Buscando el olvido.

Buscando el olvido.
Algo ansiado en sus diversos aspectos: el de querer olvidar y el de no querer ser recordado.

Admito que camino nuevamente al borde del precipicio. Las decepciones de la vida vuelven a golpearme; y las pocas esperanzas con las que había retomado el año se han desvanecido. Los nervios, la ansiedad social, el desprecio por mi ser... Cosas que nunca van a desaparecer.
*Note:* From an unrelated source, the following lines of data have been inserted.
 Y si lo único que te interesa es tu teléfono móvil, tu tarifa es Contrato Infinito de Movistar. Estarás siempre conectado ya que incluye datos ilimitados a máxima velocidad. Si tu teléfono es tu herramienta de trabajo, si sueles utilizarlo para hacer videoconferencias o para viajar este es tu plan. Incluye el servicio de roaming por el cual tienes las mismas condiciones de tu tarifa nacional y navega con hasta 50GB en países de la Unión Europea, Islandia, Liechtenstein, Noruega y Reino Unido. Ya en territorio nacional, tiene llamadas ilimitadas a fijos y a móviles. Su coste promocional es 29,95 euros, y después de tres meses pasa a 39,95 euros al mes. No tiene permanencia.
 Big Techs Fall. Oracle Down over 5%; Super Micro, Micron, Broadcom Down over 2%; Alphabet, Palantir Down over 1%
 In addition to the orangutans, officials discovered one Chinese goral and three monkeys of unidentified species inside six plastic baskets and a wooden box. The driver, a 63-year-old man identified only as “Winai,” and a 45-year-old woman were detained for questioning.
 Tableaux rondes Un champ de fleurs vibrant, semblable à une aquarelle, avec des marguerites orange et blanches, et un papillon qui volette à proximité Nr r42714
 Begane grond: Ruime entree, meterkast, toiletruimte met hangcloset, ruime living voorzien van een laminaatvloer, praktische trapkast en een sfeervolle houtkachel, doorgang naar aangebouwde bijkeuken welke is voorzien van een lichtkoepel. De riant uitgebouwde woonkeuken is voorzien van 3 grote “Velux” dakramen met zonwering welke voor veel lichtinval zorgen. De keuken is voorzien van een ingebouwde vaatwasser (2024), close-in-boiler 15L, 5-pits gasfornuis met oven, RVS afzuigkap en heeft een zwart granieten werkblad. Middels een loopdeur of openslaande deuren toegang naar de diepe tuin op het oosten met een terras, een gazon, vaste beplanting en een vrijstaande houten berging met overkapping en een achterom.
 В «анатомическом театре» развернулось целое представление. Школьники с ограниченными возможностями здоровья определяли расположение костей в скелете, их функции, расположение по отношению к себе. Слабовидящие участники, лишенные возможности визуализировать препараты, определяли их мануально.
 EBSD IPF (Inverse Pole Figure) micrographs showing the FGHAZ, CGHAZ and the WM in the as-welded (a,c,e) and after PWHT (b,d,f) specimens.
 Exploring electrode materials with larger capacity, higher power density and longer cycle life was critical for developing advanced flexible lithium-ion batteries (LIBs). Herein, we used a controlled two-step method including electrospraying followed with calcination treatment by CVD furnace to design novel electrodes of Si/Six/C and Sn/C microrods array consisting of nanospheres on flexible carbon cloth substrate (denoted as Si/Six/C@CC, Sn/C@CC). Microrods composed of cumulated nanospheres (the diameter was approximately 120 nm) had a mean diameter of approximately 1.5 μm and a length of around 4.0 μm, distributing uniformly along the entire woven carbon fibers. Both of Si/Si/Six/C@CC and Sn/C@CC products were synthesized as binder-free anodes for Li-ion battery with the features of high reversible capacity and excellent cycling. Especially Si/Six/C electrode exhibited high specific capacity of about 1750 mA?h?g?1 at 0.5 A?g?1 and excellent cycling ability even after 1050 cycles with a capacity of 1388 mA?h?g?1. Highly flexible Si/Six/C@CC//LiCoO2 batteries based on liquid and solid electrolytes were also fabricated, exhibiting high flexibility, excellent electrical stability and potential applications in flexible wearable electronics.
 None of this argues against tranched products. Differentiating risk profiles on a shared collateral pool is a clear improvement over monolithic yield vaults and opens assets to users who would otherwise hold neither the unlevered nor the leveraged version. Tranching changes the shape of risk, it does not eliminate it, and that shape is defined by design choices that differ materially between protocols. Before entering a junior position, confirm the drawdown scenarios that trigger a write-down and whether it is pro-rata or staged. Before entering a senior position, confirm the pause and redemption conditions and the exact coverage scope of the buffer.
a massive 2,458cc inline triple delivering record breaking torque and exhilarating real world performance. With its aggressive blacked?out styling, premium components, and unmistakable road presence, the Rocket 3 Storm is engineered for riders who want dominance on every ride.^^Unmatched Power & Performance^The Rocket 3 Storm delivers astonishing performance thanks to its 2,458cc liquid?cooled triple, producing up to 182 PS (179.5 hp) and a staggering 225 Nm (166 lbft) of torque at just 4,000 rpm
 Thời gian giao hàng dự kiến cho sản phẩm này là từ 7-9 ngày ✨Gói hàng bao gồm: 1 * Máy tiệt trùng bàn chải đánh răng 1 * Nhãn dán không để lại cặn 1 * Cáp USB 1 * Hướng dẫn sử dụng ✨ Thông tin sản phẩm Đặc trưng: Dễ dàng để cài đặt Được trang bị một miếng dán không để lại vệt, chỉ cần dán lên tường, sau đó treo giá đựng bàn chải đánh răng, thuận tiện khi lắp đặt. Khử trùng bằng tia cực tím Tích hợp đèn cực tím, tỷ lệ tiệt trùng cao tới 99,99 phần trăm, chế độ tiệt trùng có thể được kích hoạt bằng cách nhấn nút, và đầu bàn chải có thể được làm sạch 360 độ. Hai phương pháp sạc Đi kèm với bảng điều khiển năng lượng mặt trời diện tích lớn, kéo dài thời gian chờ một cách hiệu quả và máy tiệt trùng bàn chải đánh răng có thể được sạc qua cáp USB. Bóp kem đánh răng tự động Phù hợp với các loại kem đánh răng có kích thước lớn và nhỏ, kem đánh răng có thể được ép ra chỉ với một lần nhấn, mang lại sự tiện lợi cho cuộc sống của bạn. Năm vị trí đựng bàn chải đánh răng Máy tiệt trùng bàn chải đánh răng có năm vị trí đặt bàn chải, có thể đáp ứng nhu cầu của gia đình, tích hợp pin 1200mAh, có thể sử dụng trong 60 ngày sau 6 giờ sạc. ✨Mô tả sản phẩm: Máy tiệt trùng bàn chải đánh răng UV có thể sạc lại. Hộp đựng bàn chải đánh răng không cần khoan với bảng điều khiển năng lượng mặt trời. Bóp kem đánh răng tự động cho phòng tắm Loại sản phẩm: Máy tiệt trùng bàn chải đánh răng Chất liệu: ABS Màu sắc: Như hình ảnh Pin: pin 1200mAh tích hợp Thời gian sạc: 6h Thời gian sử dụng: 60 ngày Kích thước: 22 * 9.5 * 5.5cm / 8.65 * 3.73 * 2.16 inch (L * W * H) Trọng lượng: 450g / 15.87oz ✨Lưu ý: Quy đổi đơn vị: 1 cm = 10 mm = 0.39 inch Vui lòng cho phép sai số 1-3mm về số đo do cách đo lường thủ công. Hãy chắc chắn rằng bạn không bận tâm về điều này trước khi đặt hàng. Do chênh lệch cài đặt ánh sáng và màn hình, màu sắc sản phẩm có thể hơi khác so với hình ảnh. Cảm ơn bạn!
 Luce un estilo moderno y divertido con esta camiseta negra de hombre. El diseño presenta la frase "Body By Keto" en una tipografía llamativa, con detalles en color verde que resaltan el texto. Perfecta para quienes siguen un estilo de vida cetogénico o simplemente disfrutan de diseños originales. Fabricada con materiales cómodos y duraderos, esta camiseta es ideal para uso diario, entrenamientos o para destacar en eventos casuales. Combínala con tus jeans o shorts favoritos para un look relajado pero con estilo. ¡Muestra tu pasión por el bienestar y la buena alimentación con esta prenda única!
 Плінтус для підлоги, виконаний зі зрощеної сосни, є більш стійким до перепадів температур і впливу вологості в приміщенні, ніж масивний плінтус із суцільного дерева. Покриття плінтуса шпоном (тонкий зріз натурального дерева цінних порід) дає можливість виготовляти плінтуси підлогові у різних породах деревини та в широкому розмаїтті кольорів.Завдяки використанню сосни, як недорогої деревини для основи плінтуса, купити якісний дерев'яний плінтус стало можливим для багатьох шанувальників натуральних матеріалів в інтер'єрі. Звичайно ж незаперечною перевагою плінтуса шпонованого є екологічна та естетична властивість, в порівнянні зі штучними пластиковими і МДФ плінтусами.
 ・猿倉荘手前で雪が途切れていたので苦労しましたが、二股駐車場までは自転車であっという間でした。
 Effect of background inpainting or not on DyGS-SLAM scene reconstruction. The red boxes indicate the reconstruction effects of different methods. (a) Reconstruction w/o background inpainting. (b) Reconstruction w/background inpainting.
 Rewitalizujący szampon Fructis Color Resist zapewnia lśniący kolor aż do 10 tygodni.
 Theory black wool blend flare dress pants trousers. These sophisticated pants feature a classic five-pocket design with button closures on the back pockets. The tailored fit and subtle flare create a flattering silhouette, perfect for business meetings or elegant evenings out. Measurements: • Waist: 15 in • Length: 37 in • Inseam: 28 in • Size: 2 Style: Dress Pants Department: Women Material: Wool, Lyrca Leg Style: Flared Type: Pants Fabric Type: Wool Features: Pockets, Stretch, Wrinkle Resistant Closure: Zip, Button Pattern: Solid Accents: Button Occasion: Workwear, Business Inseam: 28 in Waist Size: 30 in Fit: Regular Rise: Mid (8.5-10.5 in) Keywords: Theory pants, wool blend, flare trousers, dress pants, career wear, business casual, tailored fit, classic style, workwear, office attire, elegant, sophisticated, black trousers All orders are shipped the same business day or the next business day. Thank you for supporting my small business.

Dormir y no despertar. Casi mejor si lo hago sin soñar, pues ya he soñado demasiadas veces en mi vida. Tantas veces lo he hecho despierto y tantas veces he visto los sueños cayendo como un castillo de naipes...

Intento mirar hacia delante, al igual que lo he hago hacia atrás. Me digo que ya no queda tanto, que he llenado mi vida de desilusiones y con suerte en unos años se apagará definitivamente sin la necesidad de que sea yo el que baje el interruptor.

No veo futuro para esos años. No veo forma para aguantarlos y no creo que tenga fuerzas para resistirlos. ¿Cómo una persona con una vida, en teoría, tan cómoda, puede sentir tanto dolor?
Me golpea el dolor físico y machaca las pocas fuerzas que tengo para aguantar.

Llevo semanas peleando con la existencia, llorando oculto mientras intento fingir y engañar a los que me rodean; intentado mentirme a mí también sabiendo que esta dolor forma parte de mi maldición. Algo de lo que nunca podré deshacerme ya.